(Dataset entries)
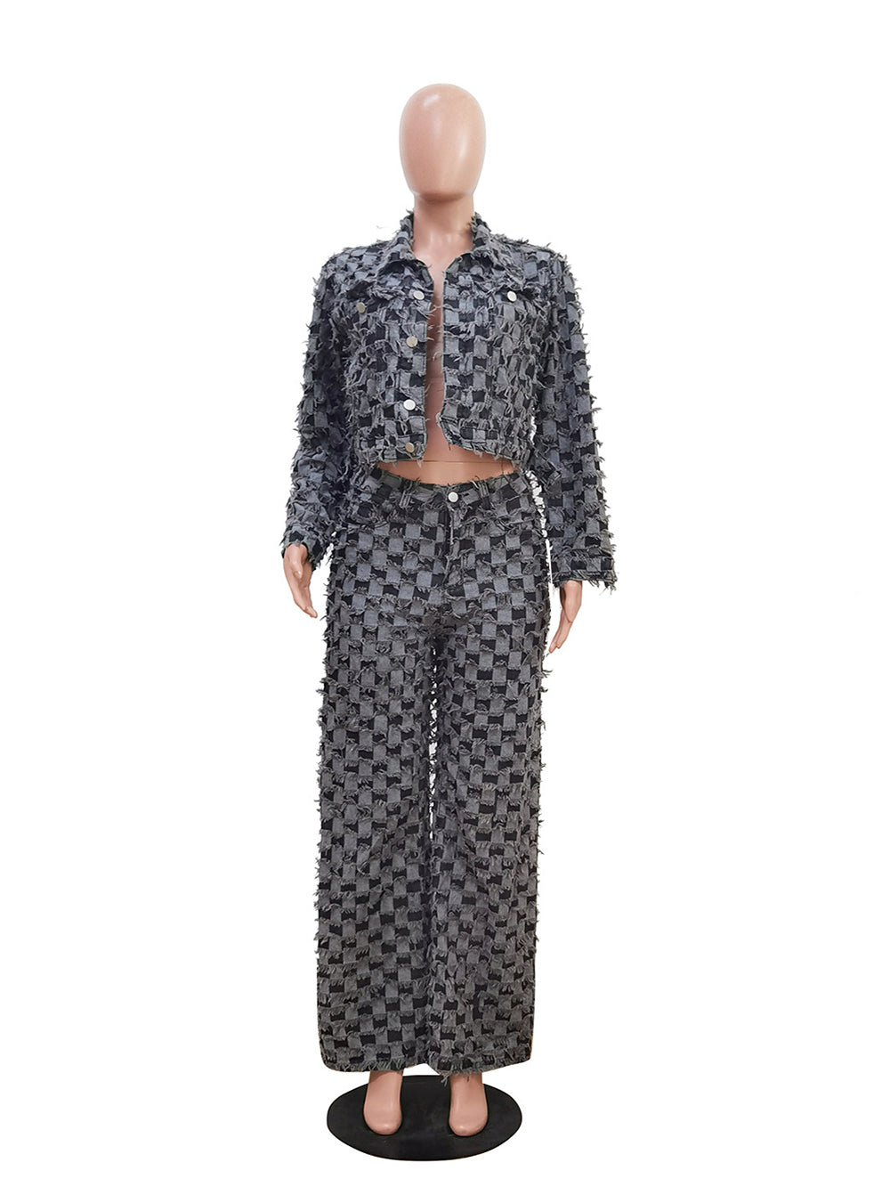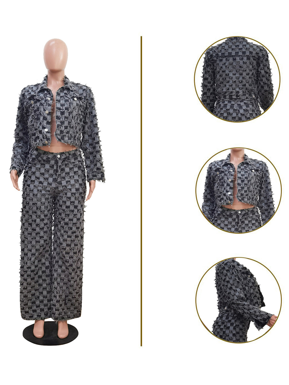 I appreciate your request, but I need clarification. You've asked me to "translate to English" (翻译成英文), but you've provided the product title already in English: "Casual Checkered Denim Jacket Baggy Jeans Set." To generate a product description, I need either: 1. **An existing product description in Chinese** that you'd like me to translate to English, or 2. **Product details or information** (in any language) that I can use to create a new English product description Could you please provide the product information or the description you'd like translated?
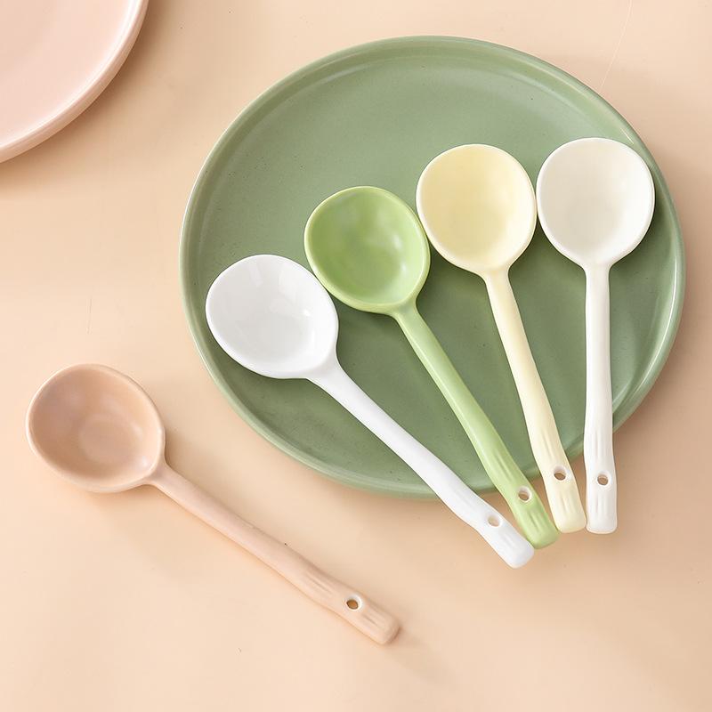 Nordic Style Ceramic Long Handle Spoon Morandi Creative Household High Value Internet Celebrity Spoon Dessert Spoon Soup Spoon
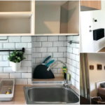 ส่วน Double height เป็นวัสดุฟลอยสะท้อน ไม่โอเคมากๆ ทาสีเขียวทับและเรียงไม้รวกปิดเสียครับ ขึ้นเคาเตอร์ เดินระบบไฟท่อ EMT ปูโมเสค เลือกคำที่สิ้นคิดที่สุด Hello! เยี่ยมครับ Creativity เอาไป 1/10 ส่วนเขียวแรกที่ไม่ผ่าน ผมเลยเอาเขียวที่เข้มกว่าสองเบอร์มาทาทับ ซึ่งก็ยังไม่ผ่านอยู่ดี ไม่เป็นไร ใกล้แล้ว
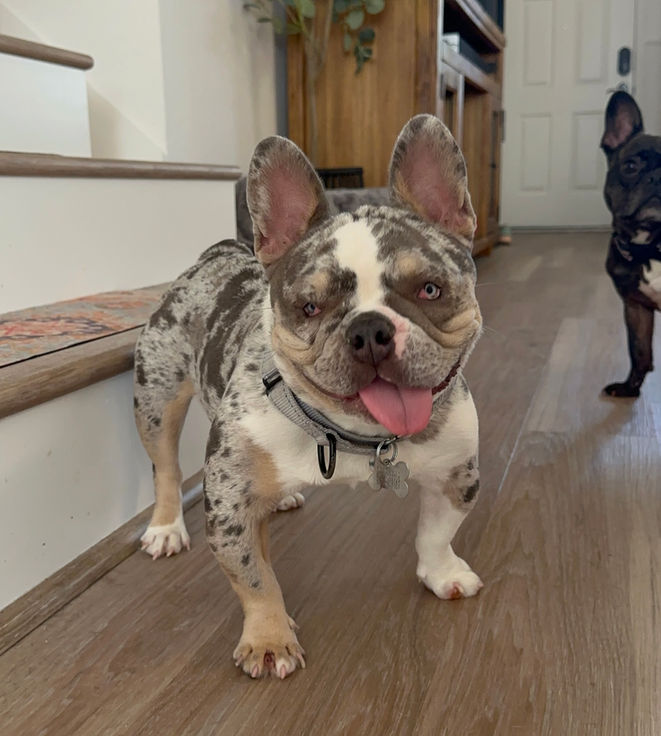 I live with my foster parents, their two resident dogs, and one other foster Frenchie. My best friend is definitely my foster mom. She takes such good care of me, teaching me how to be a good girl and how to navigate around the house like a pro. I love to follow her around wherever she goes!
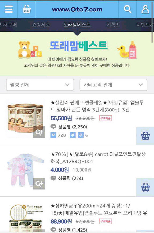 검색과 구매 용이성 외에도 최근 구매했던 리스트를 제안하는 '빠른 재구매' 서비스와 또래 엄마들이 많이 구매하는 상품을 제안하는 '또래맘베스트'는 연령별 베스트 상품 및 최다 판매 상품을 보여주고 상품 상세 정보 확인 시 고객 상품평을 함께 살펴볼 수 있도록 해 고객들에게 좋은 반응을 얻고 있다. 지난해 상반기 모바일 웹 서비스 개시 후 쇼핑몰 매출이 전년대비 14% 증가, 개시 후 모바일 접속을 통한 구매는 꾸준히 높아져 지난해 비중이 35%에 달했다.
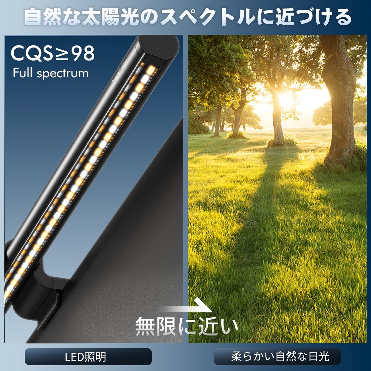 【非対称配光&光阻止フード】 バーライト採用した非対称な光学設計により、前面の照明はデスクトップ作業エリアだけを照らし、独特な光阻止フードデザインとバーライトの外観により、目に入る光を最大80%削減し、目を保護。また、内部の光板のデザインに加えて、輝度を集中させ、照度を最大40%向上させることができる。4種類の色温度(2700K-3300K-4100K-5200K)、無段階明るさ調光機能、およびバックライト照明は、さまざまな照明ニーズに対応できる。

Your assignment: Take the line containing "검색과 구매 용이성 외에도" and every line after it up to the end of the entries, and quote them exactly. Both ends count; the pictures do not.

Worked solution:
 검색과 구매 용이성 외에도 최근 구매했던 리스트를 제안하는 '빠른 재구매' 서비스와 또래 엄마들이 많이 구매하는 상품을 제안하는 '또래맘베스트'는 연령별 베스트 상품 및 최다 판매 상품을 보여주고 상품 상세 정보 확인 시 고객 상품평을 함께 살펴볼 수 있도록 해 고객들에게 좋은 반응을 얻고 있다. 지난해 상반기 모바일 웹 서비스 개시 후 쇼핑몰 매출이 전년대비 14% 증가, 개시 후 모바일 접속을 통한 구매는 꾸준히 높아져 지난해 비중이 35%에 달했다.
 【非対称配光&光阻止フード】 バーライト採用した非対称な光学設計により、前面の照明はデスクトップ作業エリアだけを照らし、独特な光阻止フードデザインとバーライトの外観により、目に入る光を最大80%削減し、目を保護。また、内部の光板のデザインに加えて、輝度を集中させ、照度を最大40%向上させることができる。4種類の色温度(2700K-3300K-4100K-5200K)、無段階明るさ調光機能、およびバックライト照明は、さまざまな照明ニーズに対応できる。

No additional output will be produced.